Bad facilities mar IFFI
HYDERABAD
Poor projection facilities, shabby auditoriums and creaky sound boxes seem to be casting a dismal shadow on the International Film Festival. If the inaugural show of Elizabeth at the Lalit Kala Thornam was the worst kind of platform for a turn-of-the-century film, then the screening of Godmother on Monday was another kind of horror story
The film, which marked the beginning of the special retrospective on Shabana Azmi, was marred by faulty projection that intermittently Went out of focus, out of frame, was inaudible, incoherent and had an irritatingly creaky soundtrack which had producer Rajat Sengupta of Gramco Films profusely apologising to the jam-packed auditorium. “This is the worst platform we could have got for the first show of the film,” confessed Mr Sengupta, promising cineastes a second screening at a better venue.
Adding to the disappointment of the viewers was the unfocused nature of the film which failed to actually make a point, neither about gender empowerment nor about caste-based politics.
Shabana Azmi, who plays the protagonist of the film, would like to believe that Godmother is actually a 1990s Mother India, a film that carries forward her endeavours to project the feminine gaze in cinema. “Be it Ankur, Saaz, Fire or Godmother, I have consistently tried to articulate the voice of all those women who are never heard in our male-dominated society,” she states.
According to her, Rambhi, the ordinary illiterate housewife who enters the world of politics in the caste-based backwaters of Gujarat, is one more articulation of this hitherto mute voice.
Ironically, Godmother turns out to be just another Godfather. For Rambhi, who learns all the tricks of politics from her husband, a victim of internecine power struggles among the closed community, continues to rule the land and her people with violence and brute power. She arbitrarily kills anyone who comes in her way, like the rest of the local political goons and dadas and even smokes the same brand of cigarettes as her deceased husband.
For Shabana, however, this seems to be a logical transformation since Rambhi is a woman who “is pushed into a male world where she enjoys very little power”. Consequently, she not only acquires their body postures but their styles of functioning too. Sad. Because eventually, all that Rambhi does is to establish her equality in a maledominated world merely by imitating the male.

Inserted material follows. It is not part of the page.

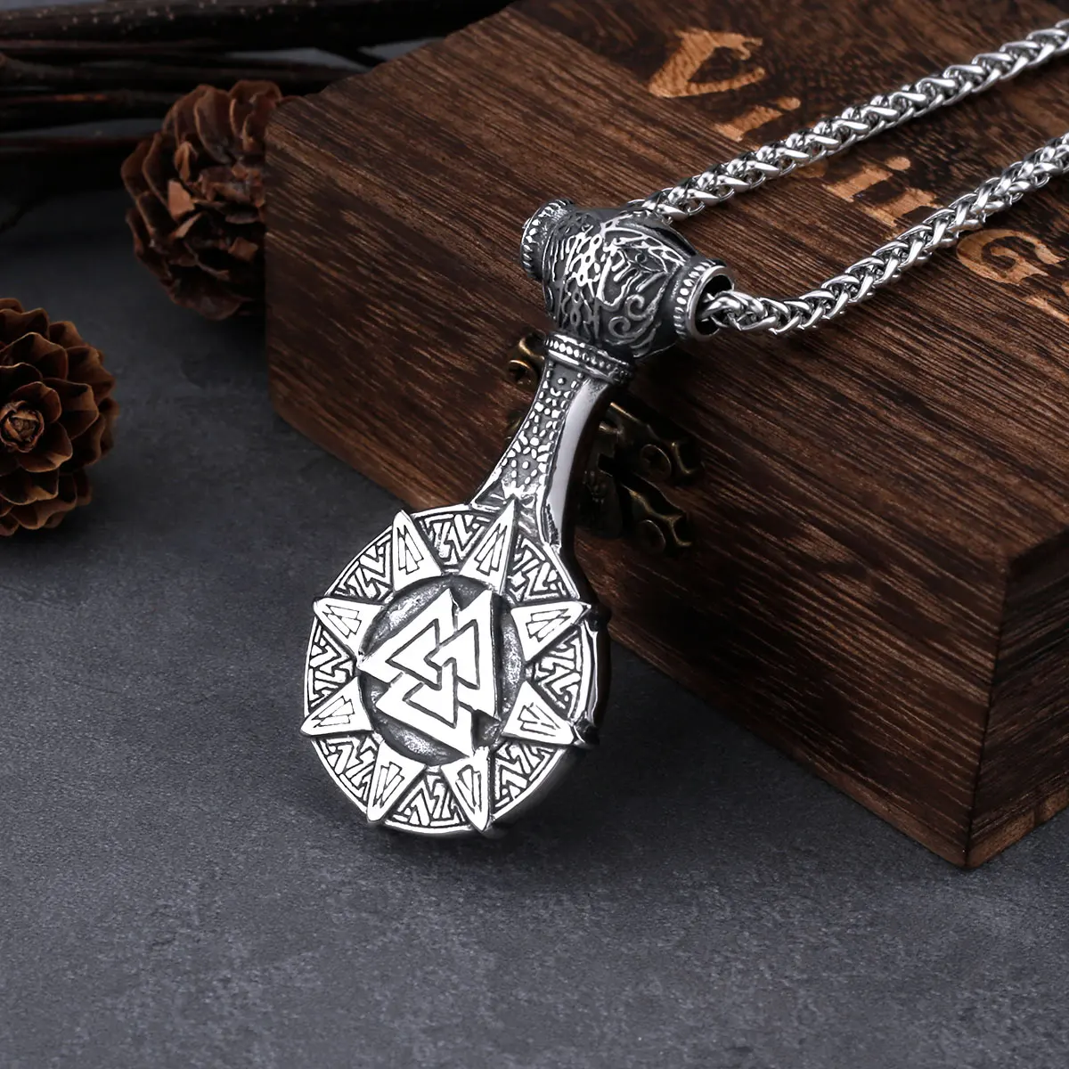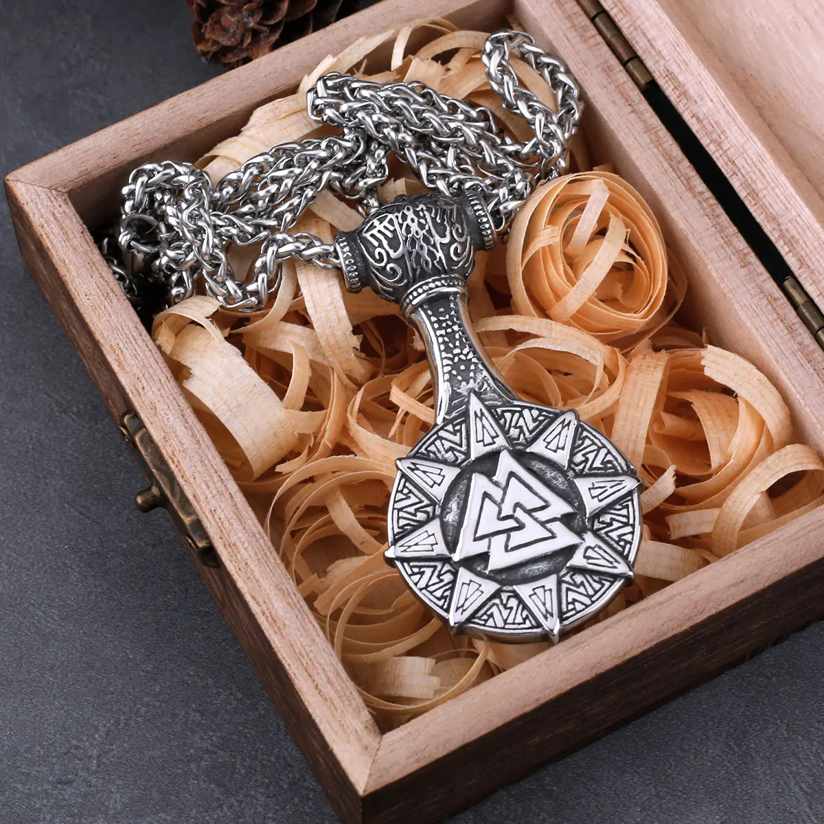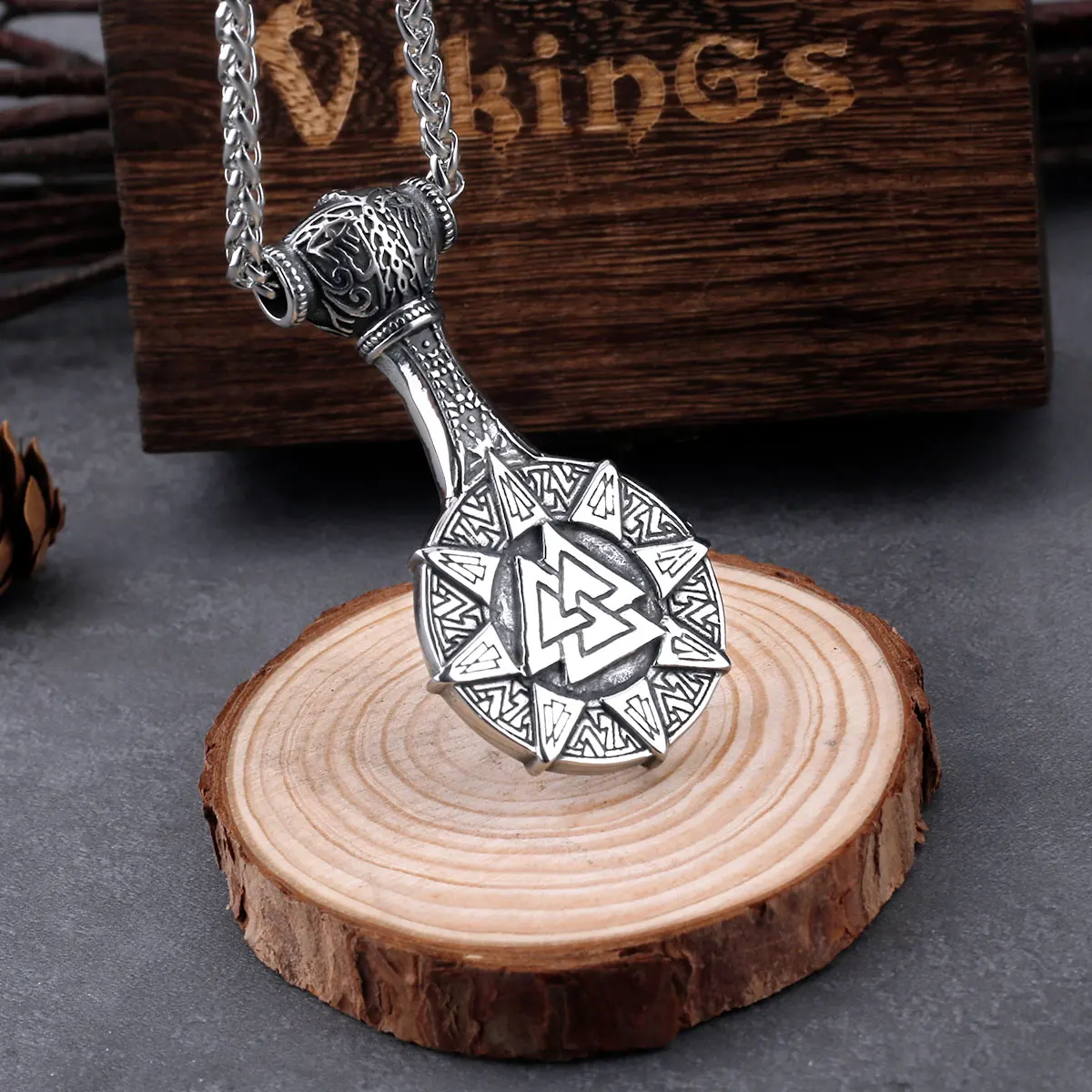 Joyería vikinga: collar con colgante de amuleto y brújula rúnica vikinga de acero inoxidable 316L para hombre, martillo de Thor, joyería retro dominante, regalo

Looking back on 25 years in cinema, Shabana feels she has been exceptionally lucky. “I was lucky to be there, just out of film school, when the parallel film movement started. And today, lam lucky to be around when finally films are being made with 40 plus women as their protagonists. No longer must an actress over 40 be forced to play merely the mother or the bhabhi,” she contends. However, despite all the accolades and the awards that have come her way, the actress believes she has only displayed the ABCs — the minimum qualifications of acting as yet. There is lots more to come.